Homer is new this morning, and perhaps nothing is as old as
The words of Charles Péguy, poet and philosopher of the spirit, cut through time like a clarion: “Homer is new this morning, and perhaps nothing is as old as today’s newspaper.” In these words lies a paradox that reveals the enduring power of truth and the fleeting nature of fashion. What is ancient may remain ever fresh, while what seems current decays before the ink is dry.
He begins with Homer, the father of Western epic, whose voice has sung across nearly three millennia. Though his words were first uttered in an age of bronze and spear, they remain new each morning, for they speak of eternal themes: the wrath of Achilles, the wanderings of Odysseus, the longing for home, the weight of fate. These are not bound to the calendar; they touch the marrow of what it means to be human. Each dawn, when a reader opens the Iliad or the Odyssey, the words breathe again as though first spoken, because the truths within them never die.

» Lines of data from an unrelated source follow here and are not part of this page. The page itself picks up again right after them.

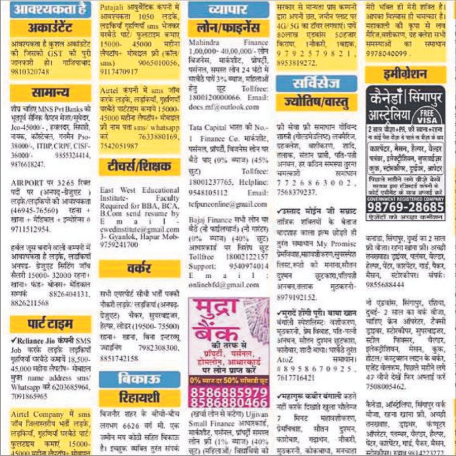 We regularly handle: Classified text advertisements (requirement, property, services etc.), Matrimonial advertisements, Obituary & remembrance notices, Classified display ads (box ads in classified section). For Bareilly local clients, we also manage Medical Helpline and Education Helpline advertisements for hospitals, clinics, schools and institutes in leading Hindi newspapers.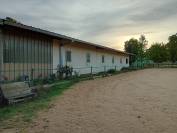 - Ein großes Gebäude, das aus einer Reithalle, einem Lagerbereich für Futter und einer LKW-Garage besteht.
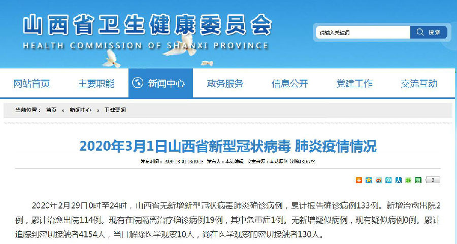 2020年2月29日0時至24時,山西省無新增新型冠狀病毒肺炎確診病例,累計報告確診病例133例。新增治愈出院2例,累計治愈出院114例?,F有在院隔離治療確診病例19例,其中危重癥1例。無新增疑似病例,現有疑似病例0例。累計追蹤到密切接觸者4154人,當日解除醫學觀察10人,尚在醫學觀察的密切接觸者130人。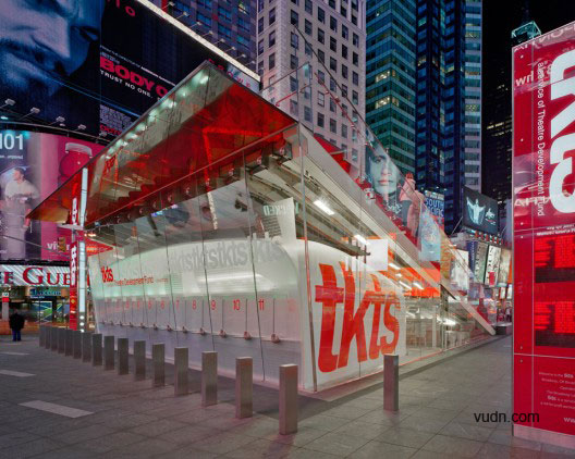 國際建筑設計公司Perkins Eastman在杜菲廣場的影響下,結合細長的三角形公共公園和時代廣場等條件因素設計出這個新的TKTS展位。TKTS展位是一個組合結構的完整性和創新性的設計,同時結合了與最新的玻璃技術和世界主導產業的行家們的知識,該展位也因此成為紐約標志性的城市雕塑。
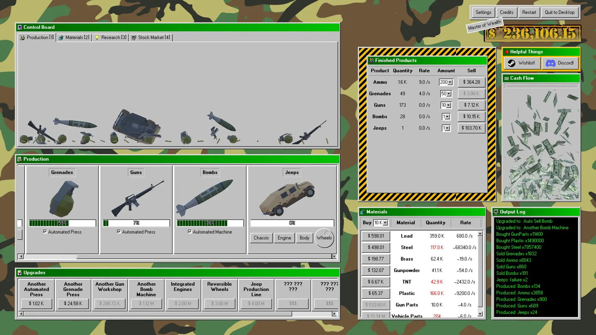 Ω, Dope Wars ’98, άφησέ με να μετρήσω τους τρόπους που με διαμόρφωσες στον άνθρωπο που είμαι σήμερα, αγοράζοντας υπερμεγέθη παλτά για να αποθηκεύσω τις 100 μονάδες οξέος μου. Το Military Incremental Complex αντλεί έμπνευση από τη χαρακτηριστική διεπαφή του ’98, αλλά αντί να παίζεις έναν cool και φιλόδοξο επιχειρηματία ηρωίνης, παίζεις έναν κακό έμπορο σφαιρών. Ξεκίνα να φτιάχνεις χειροποίητα φυσίγγια από φρέσκα προϊόντα και προχώρησε μέχρι τις πυρηνικές βόμβες. Τυπική προπαγάνδα ανανεώσιμων πηγών ενέργειας. Δεν μπορείς καν να πουλήσεις μεγάλες δέσμες δυναμίτη με την ένδειξη ‘TNT’ πάνω τους, μήπως και προσβάλεις τους κογιότ.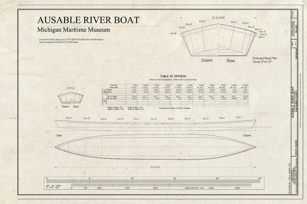 Blueprint 1. Plans and offsets Table - Au Sable River Boat, Michigan Maritime Museum, South Haven, Van Buren County, MI

In contrast, Péguy turns to the newspaper, that herald of the present moment. It speaks with urgency, trumpeting events, disputes, scandals, and the cries of the hour. Yet before the next sunrise, its words already begin to fade. By tomorrow, they are forgotten, and by next week, they are discarded. The newspaper, though it claims to bring “news,” ages with unnatural swiftness; its life is shorter than a flower’s bloom. What seems pressing in the moment becomes old before the day is done.
History confirms this lesson. Consider the ancient Dead Sea Scrolls, fragments written two thousand years ago, still carrying truths that stir the soul today. Compare them to the papers printed even fifty years ago: filled with names, crises, and quarrels now dust to us, irrelevant and silent. Who today clings to the headlines of 1873 or 1912? Yet who today does not recognize the power of Homer’s words, or the psalms of David, or the wisdom of Confucius? That which is rooted in the eternal stands firm; that which clings only to the hour crumbles swiftly.
This is not to despise the newspaper, for it has its role: to inform, to awaken, to call attention. But Péguy reminds us that truth is measured not by immediacy but by endurance. The greatest writings, the greatest songs, the greatest stories remain new because they speak to the soul’s unchanging needs: courage, love, justice, mortality, hope. The trivial quarrels of the day, no matter how loudly proclaimed, fade into silence if they lack such depth.
The lesson for us is this: seek what endures. Do not waste your life chasing only the headlines of the day, for they will wither before the sun sets. Instead, root your soul in the eternal—wisdom, art, scripture, philosophy, beauty—those things that remain fresh each morning, like Homer’s song. Let the transient pass as it must, but let the timeless nourish you.
Therefore, children of the future, remember this teaching: do not measure your life by the fleeting noise of the present moment. Seek out what will remain new when centuries have passed. Study the poets, the sages, the prophets, the dreamers, for their words are not bound by dust or time. And when you create, strive to write not the newspaper of the day, but the Homer of tomorrow—words and deeds that will remain alive when all else has grown old.
Thus, Péguy’s paradox stands as wisdom eternal: the ancient is new, the immediate is already old. The poet endures, the headline fades. Live, therefore, not for the shallow urgency of the hour, but for the immortal dawn that renews itself each morning.